INPUT:
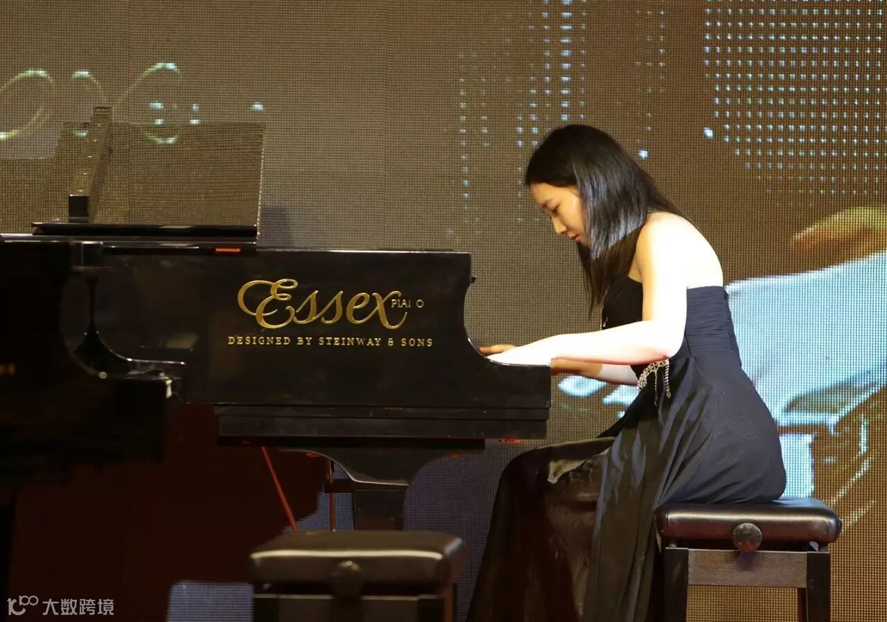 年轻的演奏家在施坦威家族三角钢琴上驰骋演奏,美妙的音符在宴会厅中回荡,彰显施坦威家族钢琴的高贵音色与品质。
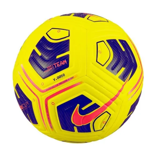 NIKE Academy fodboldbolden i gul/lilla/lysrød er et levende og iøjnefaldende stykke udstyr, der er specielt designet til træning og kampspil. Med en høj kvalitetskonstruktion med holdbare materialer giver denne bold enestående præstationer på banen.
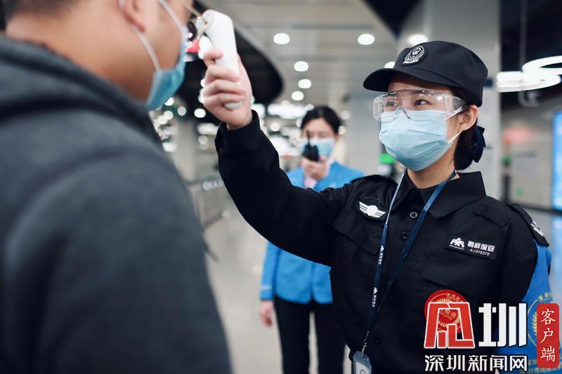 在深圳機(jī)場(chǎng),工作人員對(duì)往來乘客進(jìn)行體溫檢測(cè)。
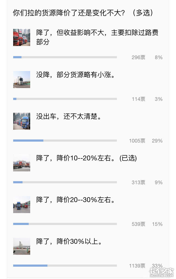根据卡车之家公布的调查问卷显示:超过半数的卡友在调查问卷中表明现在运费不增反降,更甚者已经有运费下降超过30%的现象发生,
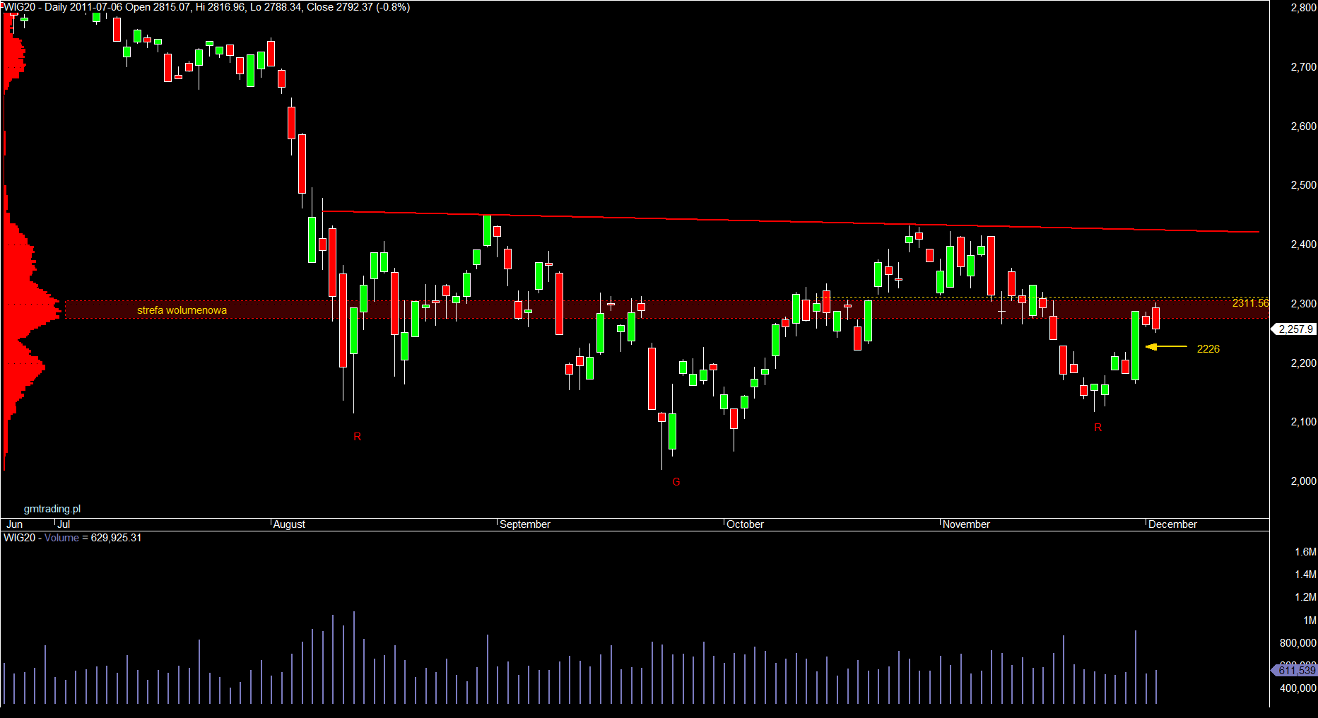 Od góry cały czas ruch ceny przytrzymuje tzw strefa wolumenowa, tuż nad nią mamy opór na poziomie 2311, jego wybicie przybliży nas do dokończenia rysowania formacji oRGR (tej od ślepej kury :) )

* * *

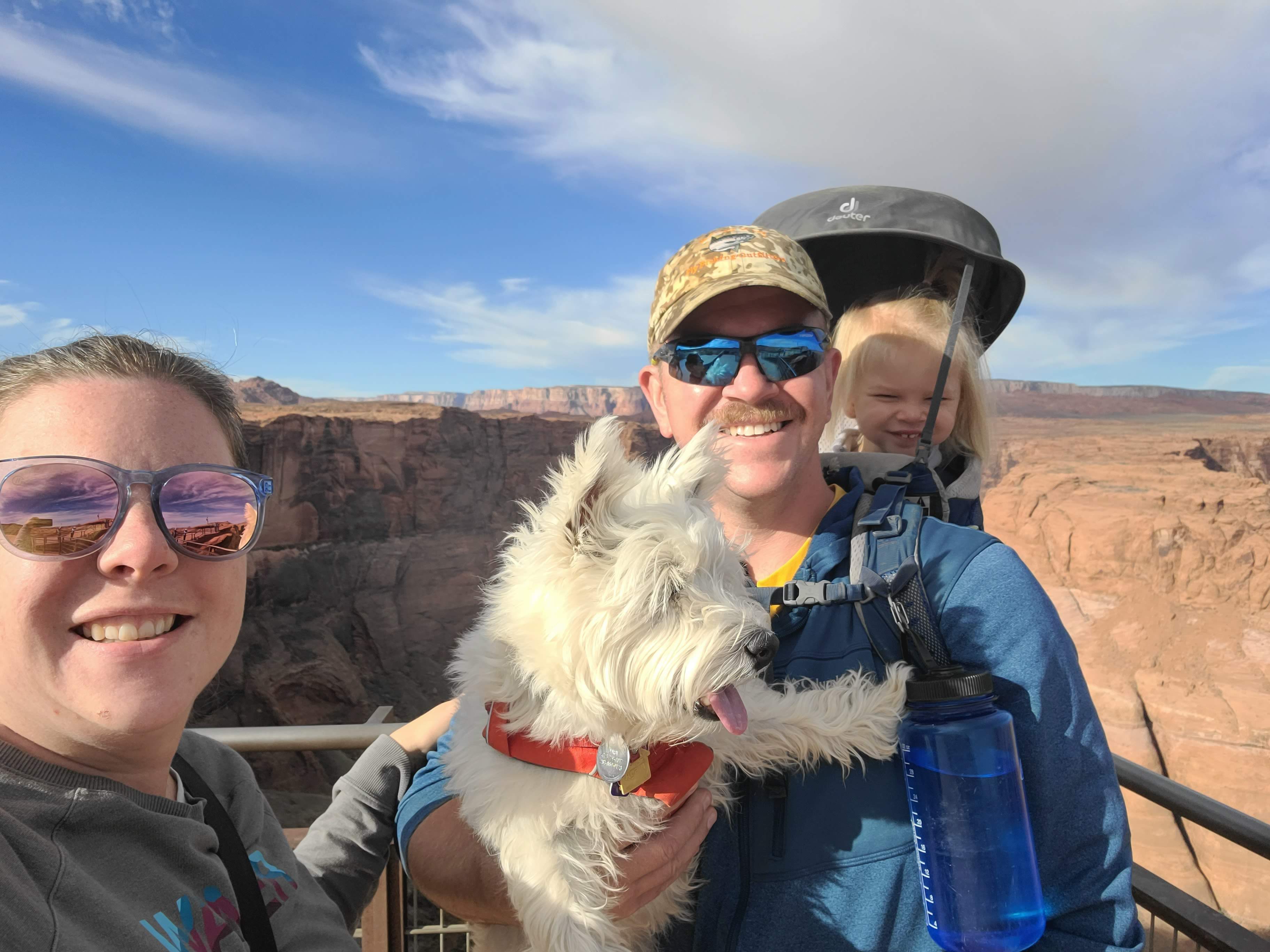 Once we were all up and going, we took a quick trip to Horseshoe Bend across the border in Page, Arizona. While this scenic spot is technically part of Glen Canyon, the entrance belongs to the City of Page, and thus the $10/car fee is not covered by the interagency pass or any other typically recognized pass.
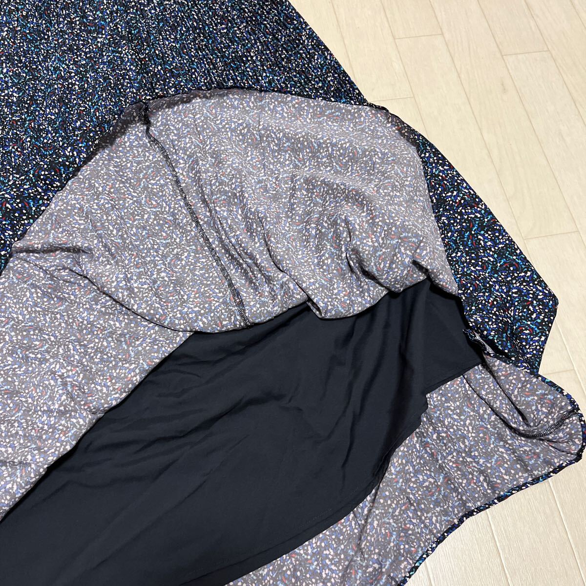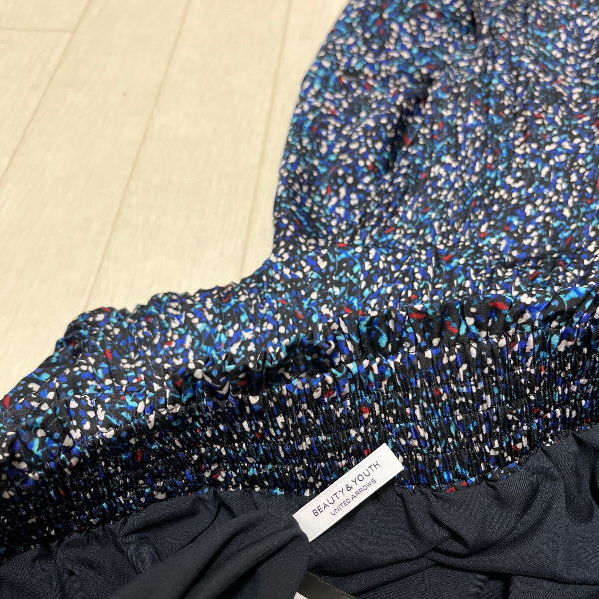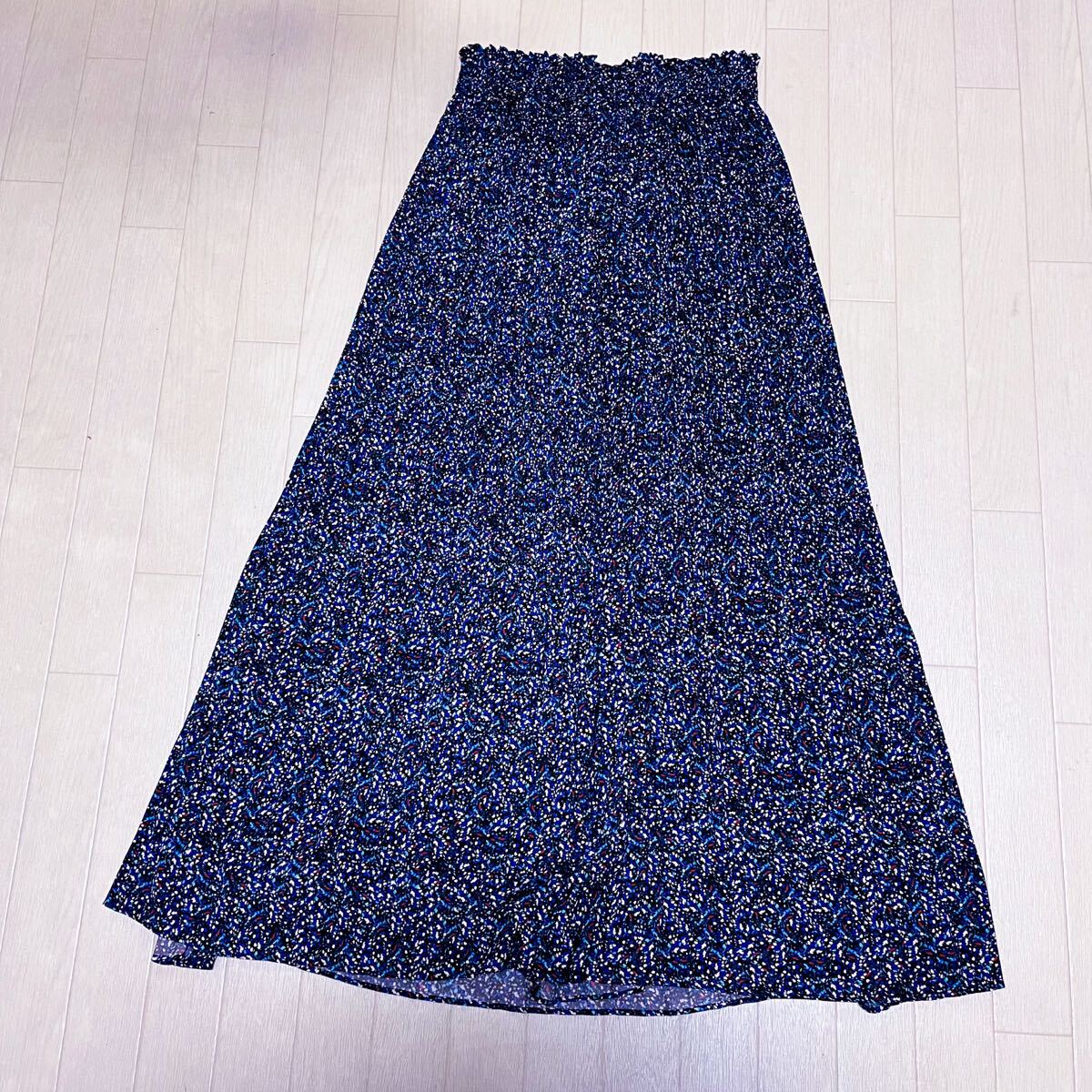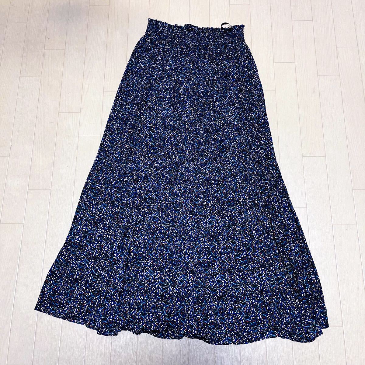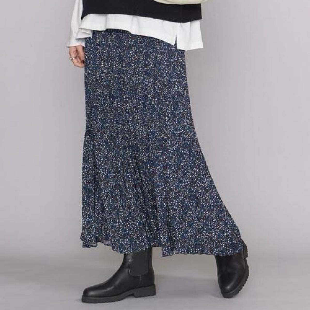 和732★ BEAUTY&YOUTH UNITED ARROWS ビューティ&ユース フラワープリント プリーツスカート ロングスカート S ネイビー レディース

--

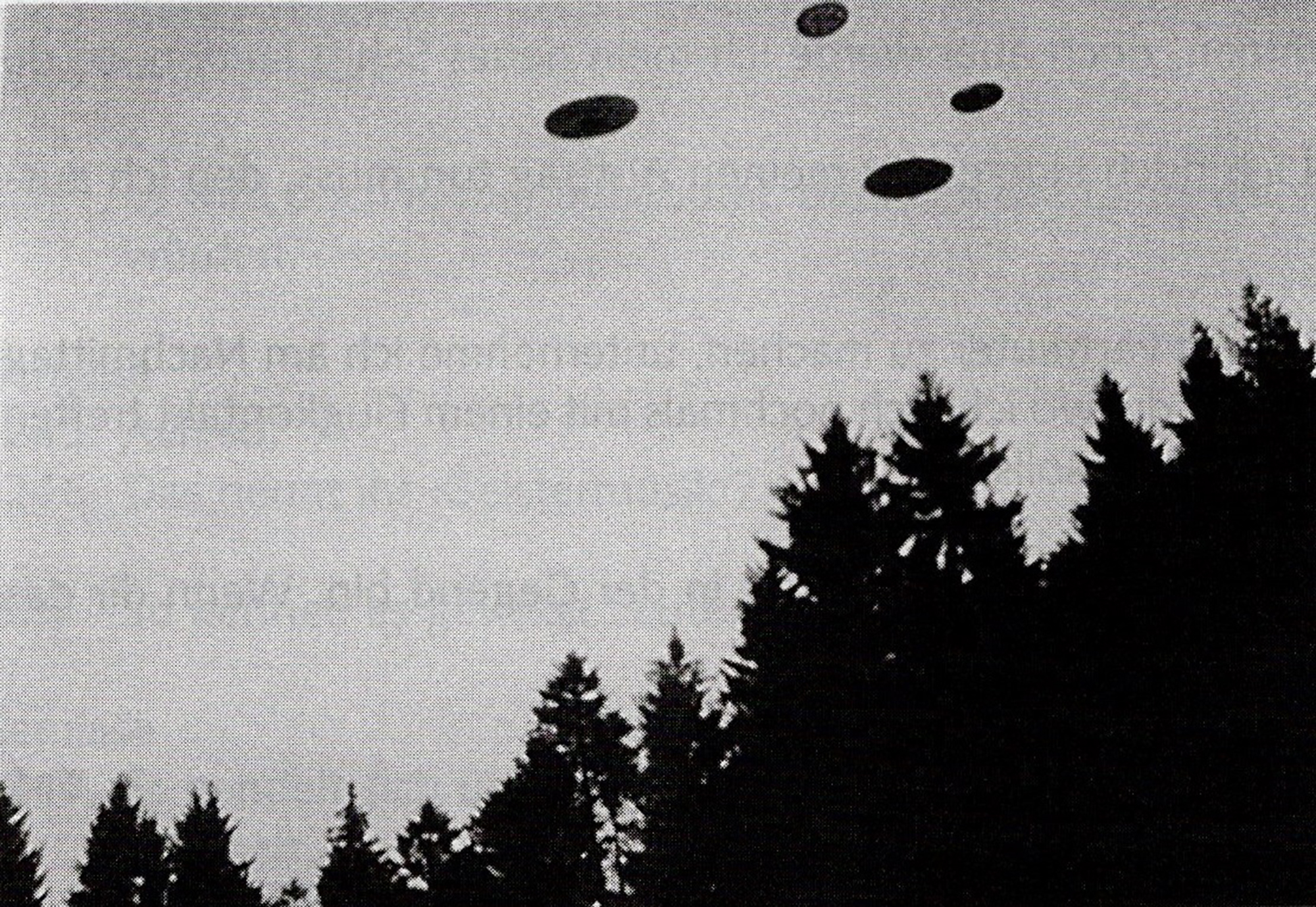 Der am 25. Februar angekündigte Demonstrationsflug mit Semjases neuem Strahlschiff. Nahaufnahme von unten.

TASK REQUIREMENTS: To complete this exercise, transcribe exactly the lines above from the one that holds "年轻的演奏家在施坦威家族三角" through the one that holds "Od góry cały". Pictures stay out.

SOLUTION FOR THIS EXERCISE:
 年轻的演奏家在施坦威家族三角钢琴上驰骋演奏,美妙的音符在宴会厅中回荡,彰显施坦威家族钢琴的高贵音色与品质。
 NIKE Academy fodboldbolden i gul/lilla/lysrød er et levende og iøjnefaldende stykke udstyr, der er specielt designet til træning og kampspil. Med en høj kvalitetskonstruktion med holdbare materialer giver denne bold enestående præstationer på banen.
 在深圳機(jī)場(chǎng),工作人員對(duì)往來乘客進(jìn)行體溫檢測(cè)。
根据卡车之家公布的调查问卷显示:超过半数的卡友在调查问卷中表明现在运费不增反降,更甚者已经有运费下降超过30%的现象发生,
 Od góry cały czas ruch ceny przytrzymuje tzw strefa wolumenowa, tuż nad nią mamy opór na poziomie 2311, jego wybicie przybliży nas do dokończenia rysowania formacji oRGR (tej od ślepej kury :) )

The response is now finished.